I slowly found my way back to literature this past summer -- through Proust. I started In Search of Lost Time over again with Lydia Davis' translation of The Way By Swann's. It was familiar and it was foreign in light of what I'd come to know of Proust and of his work. It resonated deeply. And as I jotted down my reflections, I realized how much I missed reading, writing, and having a community of readers.

Coming back has been slow. I've found myself bogged down by academic work -- my concentration so far has been in other areas, and it's easy to get stuck on that track. I am sure that starting out will be hard, will come in fits and starts -- but I think that I've finally figured out that it's important to me that I keep trying.

(Leaving the blogging community and taking up other subjects made me finally understand: the desire to read, to write -- these are not, as I had assumed, typical desires.)

Despite my workload, my goal is to read and update on a somewhat regular basis. I currently am reading Cynthia Ozick's Heir to the Glimmering World, and I hope to get some thoughts on Kundera up in the next day or so.
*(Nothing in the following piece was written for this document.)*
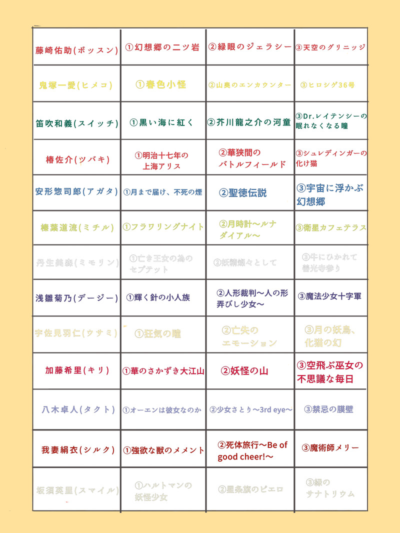 kutouru8090☆quiet followDONE前、ふせったーとかでメモ書き投稿した一部スケダンキャラの東方原曲イメージソング集。を、せっかくだから表にしてみた。わかりやすく、色分けしてみました。 #SKETDANCE Tap to full screen (size:1536x2048).Repost is prohibited Let's send reactions! freqpopularsnackothersPayment processing Replies from the creator Follow creator you care about!☆quiet follow kutouru8090DONE久しぶりに、助のキャラで東方原曲のイメソンを考えて表にしてみました。 kutouru8090DONEスケットダンスキャラでセフィロトの樹の配置を当てはめた感じのメモ。+、タクトとイチジクのやつ。絵はないです。 2 kutouru8090DOODLE続きとか特に考えてない、人外(に片足突っ込んでる)パロのタッくん。ただの雰囲気漫画です。 kutouru8090DONE昨日ぐらいに出したやつの色塗り。(一枚) kutouru8090PAST助の過去落書きまとめ。ほぼタクボスネタ。(ネコツバキいる。) 10 kutouru8090DONEスケダンで、女体幼児化タクト。前にだした落書きのペン入れです。 related works めるPASTスケダン 藤椿、ギリボスあり 女体化あり 15 𝟠𝟚𝟙PASTTwitterのリプ来たキャラの絵を描くみたいなタグの浪漫 めるDONE双子誕生日おめでとう🎊㊗️🎂🎉 ⚫楓井⚫PAST #SKETDANCE 3 kutouru8090DONEいつものイメソンネタです。 ⚫楓井⚫PAST11月11日 2 kutouru8090DONEスケダン世界の簡易版人類悪な八木卓人の、妄想ネタイラスト。 2 kutouru8090DOODLE八木ちゃんの前では、めんどくさい女装だってそつなくこなすタッくん。 らんでぃDONEスケットダンスのヒメコちゃん。 4 recommended works ぬん◎DOODLE霊衣💢💢💢グランパ………… 雨音 鈴DONEアンデルセン先生!お誕生日おめでとう⸜(* ॑ ॑* )⸝ ナルゲさんDOODLE徳川廻天迷宮ネタ。絵本を読んでもらう、ちみっこマシュさんとメジェドさまです。 mare_tkPROGRESSFGOのキャプテン 36konohaTRAININGリリィちゃん oyunoumiDOODLE朕にもそのぶっとい注射刺すつもりか?勘弁してくれんかのうもう少し待ってみるのはどうかのう〜 サラ+@ゲーム好きINFO夏コミでこういうの作る予定です。金曜日 西地区“へ”ブロック-03b よろしくお願いします。 絵がうまくなりたい みゆきDONEアナログと初めて和解できました公式絵を参考に描いています!!!えっっっっっこれはどっからどう見てもオジマンディアス様にみえるはい私ってば天才〜!!!!めっちゃ成長を感じる〜!!!!!!すごいぞ私!判別が出来る絵がかけた!偉い!!寝ろ!おやすみ!!! ak_otherDONEお絵描きリハビリがてらマーリン

For some reason I cannot get Denise Levertov's poem, "Relearning the Alphabet," out of my head:
E

Endless
returning, endless
revolution of dream to ember, ember to anguish,
anguish to flame, flame to delight,
delight to dark and dream, dream to ember
I am certain that this will not be my last return, nor my last departure. But I am happy to be back, and I look forward to reading and returning.